● Your task
Output word for word the lines from the one with "Chips Oriental Spices**" to the final line of the data, both ends included, but skip the pictures.

···

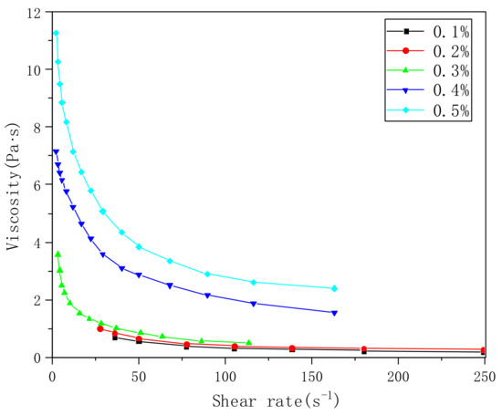 We dissolved the PVA-AA-t in water and tested the viscosity, as shown in Figure 4. With the increase in the polymer’s concentration, the viscosity of the aqueous solution increases exponentially. When the concentration is less than 0.2%, the viscosity is less than 1 Pa·s (when the solution concentration is only 0.1%, there is almost no thickening effect). When the concentration increases to 0.3%, the viscosity increases rapidly to 4 Pa·s. The viscosity of 0.5% aqueous solution can reach 11 Pa·s, showing a clear thickening effect similar to that of other thickeners. Under shear force, with the increase in shear rate, the viscosity of the solution decreases rapidly, showing the characteristics of a pseudoplastic fluid.
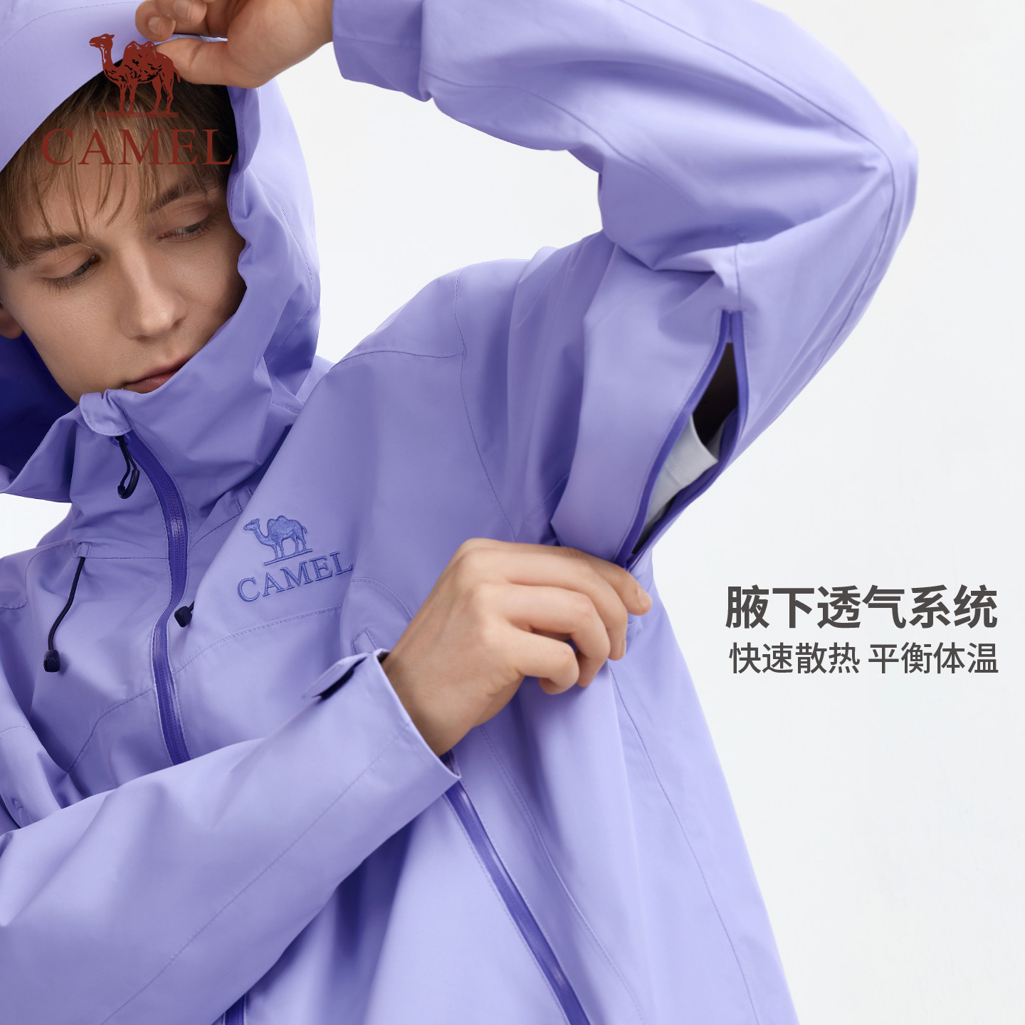 [2026新款]骆驼彩壳冲锋衣女腋下拉链防暴雨户外硬壳防水风衣外套
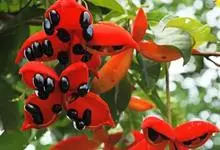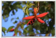 假苹婆是锦葵科苹婆属乔木植物。幼枝被毛;叶椭圆形或披针形,先端骤尖,基部钝或近圆无毛;圆锥花序腋生,花淡红色;蓇葖果鲜红色,长卵圆形或长椭圆形;种子卵圆形黑褐色;花期4-6月。…全部>>
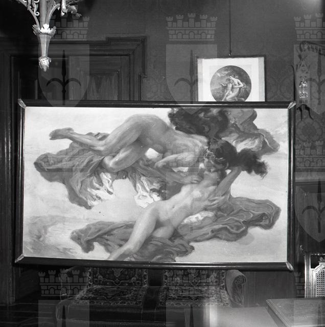 Due dipinti, Piramide di fiori a San Giusto di Ugo Flumiani e Le campane della redenzione di Carlo Wostry, fotografati in una sala del Civico Museo Morpurgo. Il dipinto di Wostry venne esposto per la prima volta al Caffe degli Specchi il giorno dell'annessione di Trieste all'Italia.
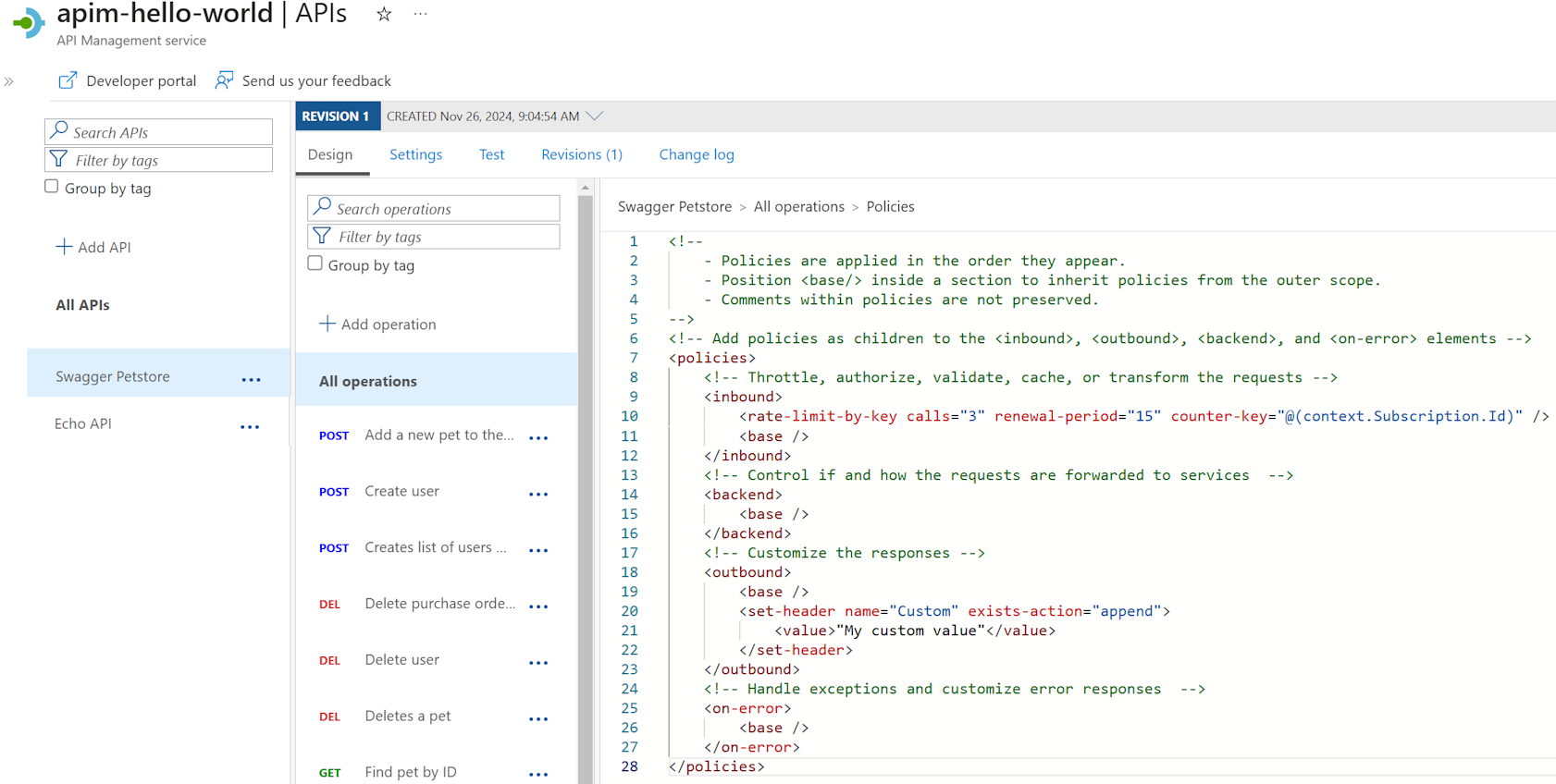 例如,你可能希望设置自定义响应标头。 或者,配置速率限制策略来保护后端 API,因此开发人员不会过度使用 API。 这些示例简单介绍了API Management策略。 有关更多策略选项,请参阅 API Management 策略。
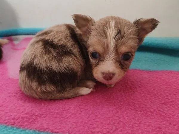 Six magnifiques chiots Chihuahua poil long de race pure voient le jour le 14 octobre 2025. Nous proposons des mâles et femelles aux couleurs rares : lavande, merle chocolat et bleu merle.
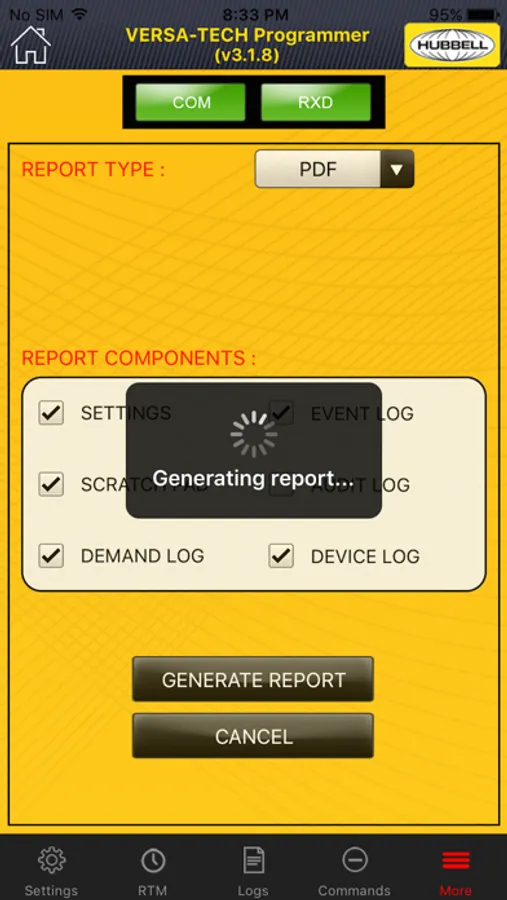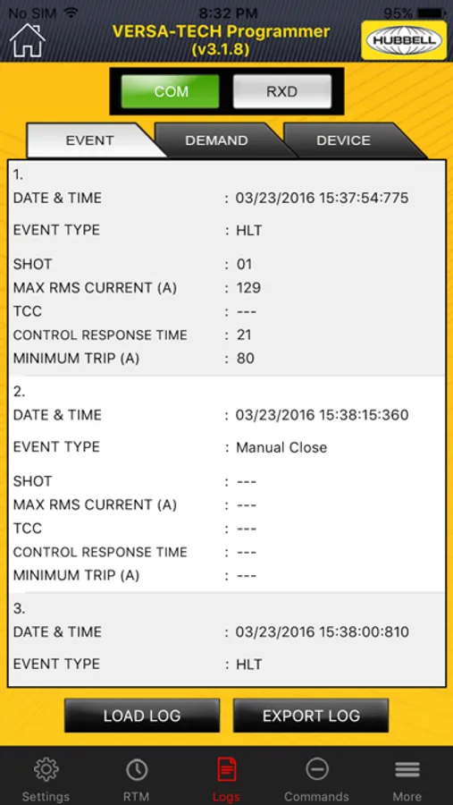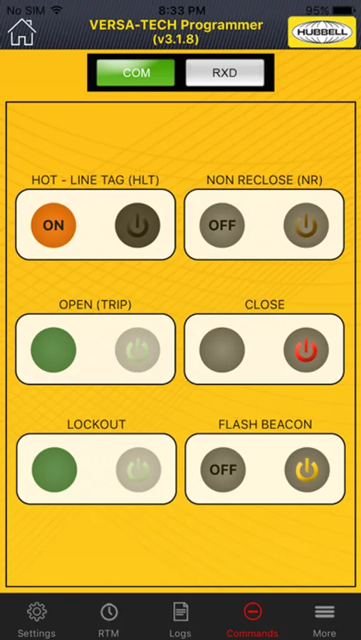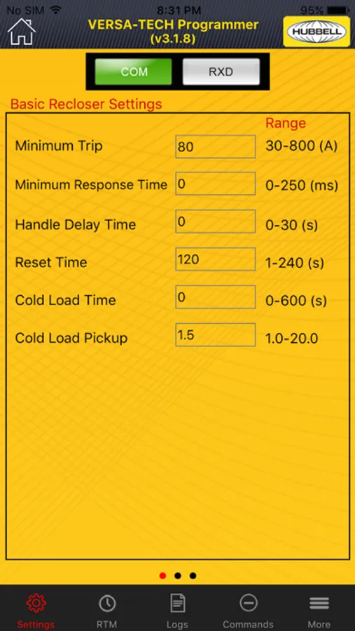 The Hubbell Power Systems 'VersaTech® Recloser Programmer' for iPad and iPhone apps allow communication with Versa-Tech® I (VT-I), Versa-Tech® LT (VTLT), Versa-Tech® II (VT-II) or Versa-Tech® XC (VT-XC) Reclosers equipped with WiFi modules. With the iPad version, users can read and program settings, download Event and Data Logs and perform other functions, as they would when using a laptop computer and a remote radio. The iPhone version has restricted capabilities such as viewing, generating reports, and limited command functions.
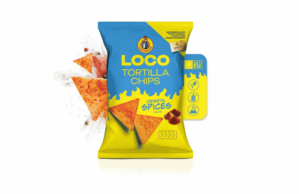 **Partijen hartige snacks: LOCO Tortilla Chips Oriental Spices**
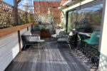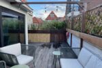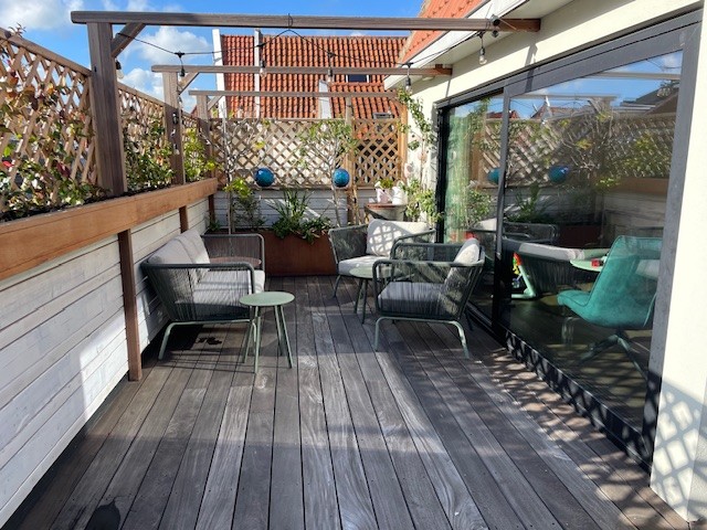 Via de stalen trap bereik je de 2e woonkamer. De vide zorgt voor een loftachtige ambiance, 2 aluminium schuifpuinen bieden toegang naar het L-vormige dakterras op het zonnige zuiden. Aan de voorzijde van de woning bevindt zich een grote slaapkamer met inloopkast en badkamer en-suite. De airconditioning zorgt voor een prettige nachtrust, ook tijdens de warme zomerdagen. De slaapkamer wordt gescheiden van de woonkamer door middel van een glazen wand. “Sleep like a royal” in deze hotel chique ruimte.

···

● Written solution
 **Partijen hartige snacks: LOCO Tortilla Chips Oriental Spices**
 Via de stalen trap bereik je de 2e woonkamer. De vide zorgt voor een loftachtige ambiance, 2 aluminium schuifpuinen bieden toegang naar het L-vormige dakterras op het zonnige zuiden. Aan de voorzijde van de woning bevindt zich een grote slaapkamer met inloopkast en badkamer en-suite. De airconditioning zorgt voor een prettige nachtrust, ook tijdens de warme zomerdagen. De slaapkamer wordt gescheiden van de woonkamer door middel van een glazen wand. “Sleep like a royal” in deze hotel chique ruimte.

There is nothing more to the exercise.